§ **The task**
Print nothing except the line holding "Sketches in the" and the lines that come after it in the material below, and leave the pictures out.

§ **Data to use**

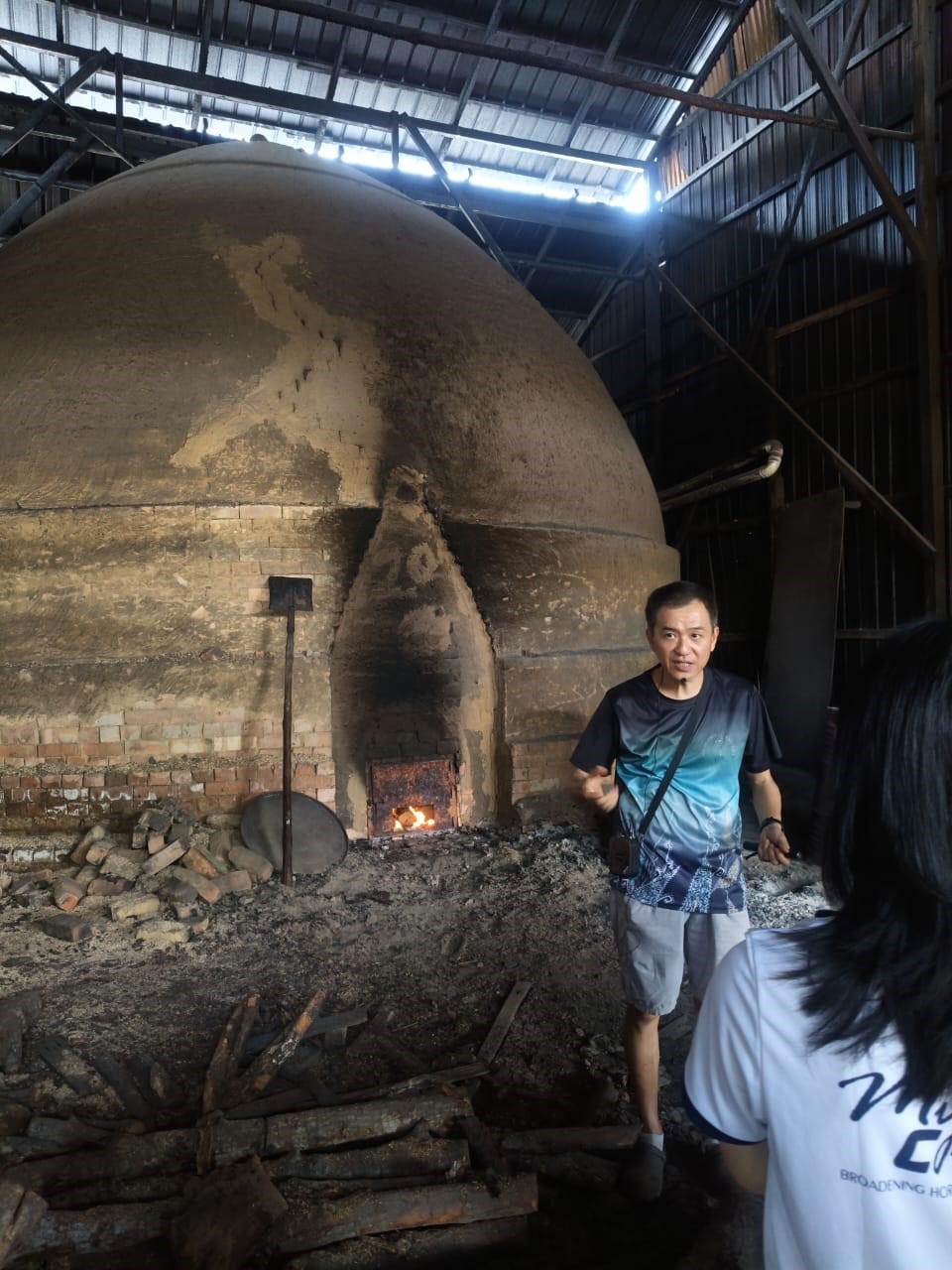 Mr Chuah explaining the charcoal-making process in front of the clay oven (kiln)
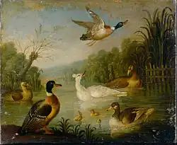 Sketches in the collection of the British Museum indicate that he based at least some of the birds in his paintings on drawings from life. He tended to paint domestic birds and common wild species, rather than the exotic varieties favoured by some other artists.[6] He sometimes introduced elements of drama such as attacks by predatory animals into his bird paintings, a feature shared with the works of Francis Barlow.[6] Buyers of his paintings often incorporated them into schemes of interior decoration, setting them into panelling above doors or fireplaces.[4][6]
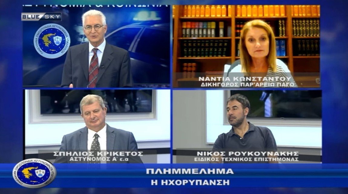 Η ΝΑΝΤΙΑ ΚΩΝΣΤΑΝΤΟΥ στην εκπομπή του Μανώλη Σταυρακάκη στο Blue Sky «Αστυνομία και Κοινωνία» με τίτλο: «Οι αλλαγές στον ποινικό κώδικα, σε σχέση με την ηχορύπανση»
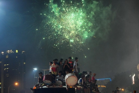 রাতের আকাশকে আতশবাজির আলোয় রাঙিয়ে দেওয়া হয়।
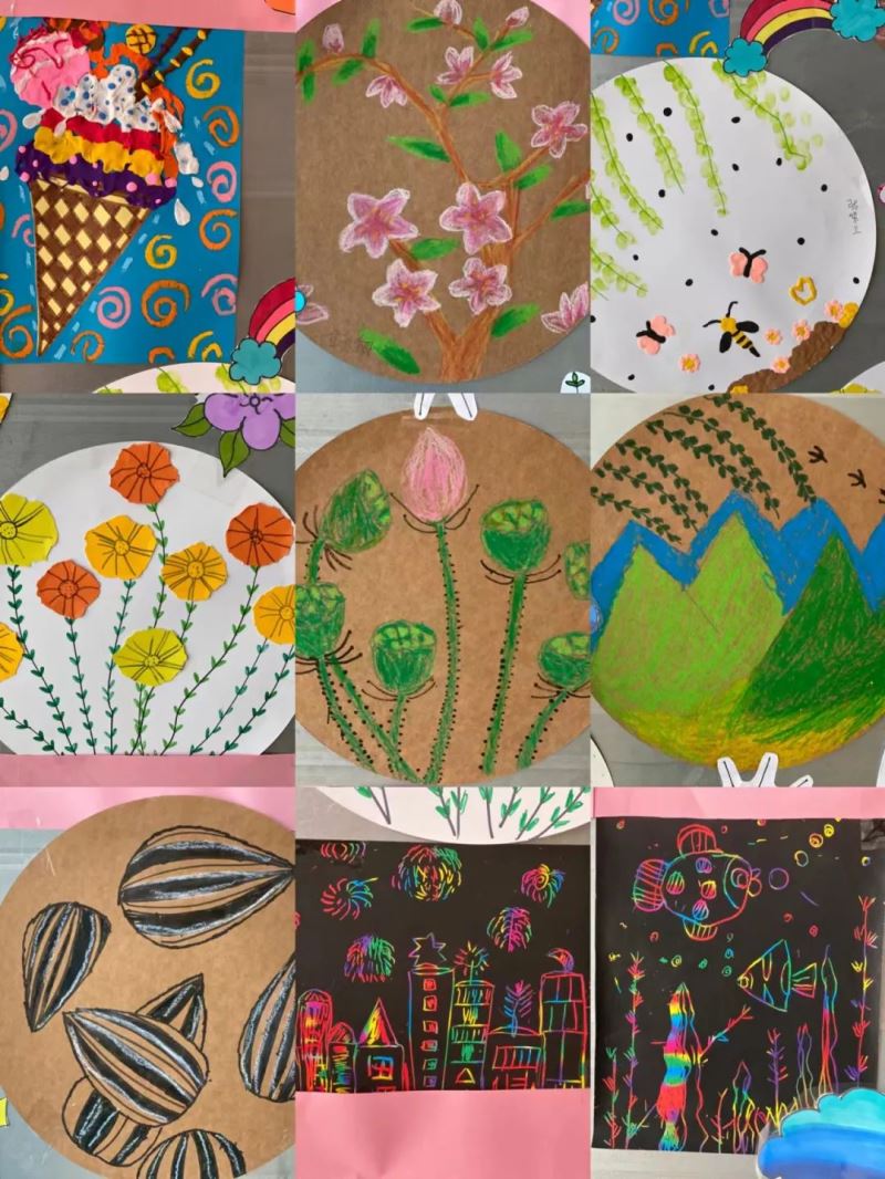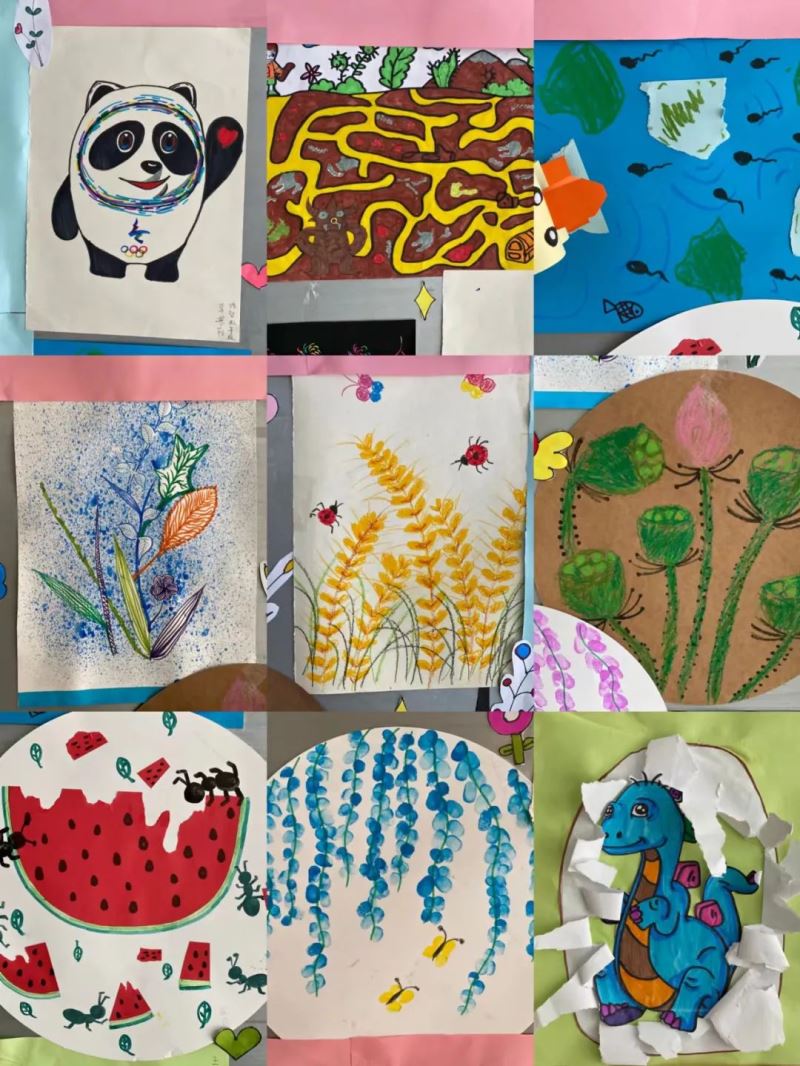 活动展示的作品形式多样、富有个性和创意特色,一幅幅绘画作品展现了孩子们积极向上的精神风貌,渗透着孩子们丰富的想象、大胆的创意、充满了童真童趣。绘画不仅培养了学生的动手能力,还通过动作练习增强手部小肌肉的力量,促进手臂、手腕、手指协调配合能力和手眼协调能力。看似一幅简单的作品,背后却凝聚了老师和学生们的诸多心血与汗水。展示活动中,各班主任带领孩子们有序地参观着,一幅幅色彩亮丽的作品,深受孩子们的喜爱。
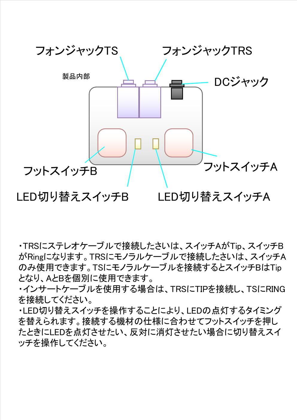 接続する機材に合わせてLEDの点灯するタイミングを内部スイッチで切り替えることができます。

§ **Solution to this problem**
 Sketches in the collection of the British Museum indicate that he based at least some of the birds in his paintings on drawings from life. He tended to paint domestic birds and common wild species, rather than the exotic varieties favoured by some other artists.[6] He sometimes introduced elements of drama such as attacks by predatory animals into his bird paintings, a feature shared with the works of Francis Barlow.[6] Buyers of his paintings often incorporated them into schemes of interior decoration, setting them into panelling above doors or fireplaces.[4][6]
 Η ΝΑΝΤΙΑ ΚΩΝΣΤΑΝΤΟΥ στην εκπομπή του Μανώλη Σταυρακάκη στο Blue Sky «Αστυνομία και Κοινωνία» με τίτλο: «Οι αλλαγές στον ποινικό κώδικα, σε σχέση με την ηχορύπανση»
 রাতের আকাশকে আতশবাজির আলোয় রাঙিয়ে দেওয়া হয়।
 活动展示的作品形式多样、富有个性和创意特色,一幅幅绘画作品展现了孩子们积极向上的精神风貌,渗透着孩子们丰富的想象、大胆的创意、充满了童真童趣。绘画不仅培养了学生的动手能力,还通过动作练习增强手部小肌肉的力量,促进手臂、手腕、手指协调配合能力和手眼协调能力。看似一幅简单的作品,背后却凝聚了老师和学生们的诸多心血与汗水。展示活动中,各班主任带领孩子们有序地参观着,一幅幅色彩亮丽的作品,深受孩子们的喜爱。
 接続する機材に合わせてLEDの点灯するタイミングを内部スイッチで切り替えることができます。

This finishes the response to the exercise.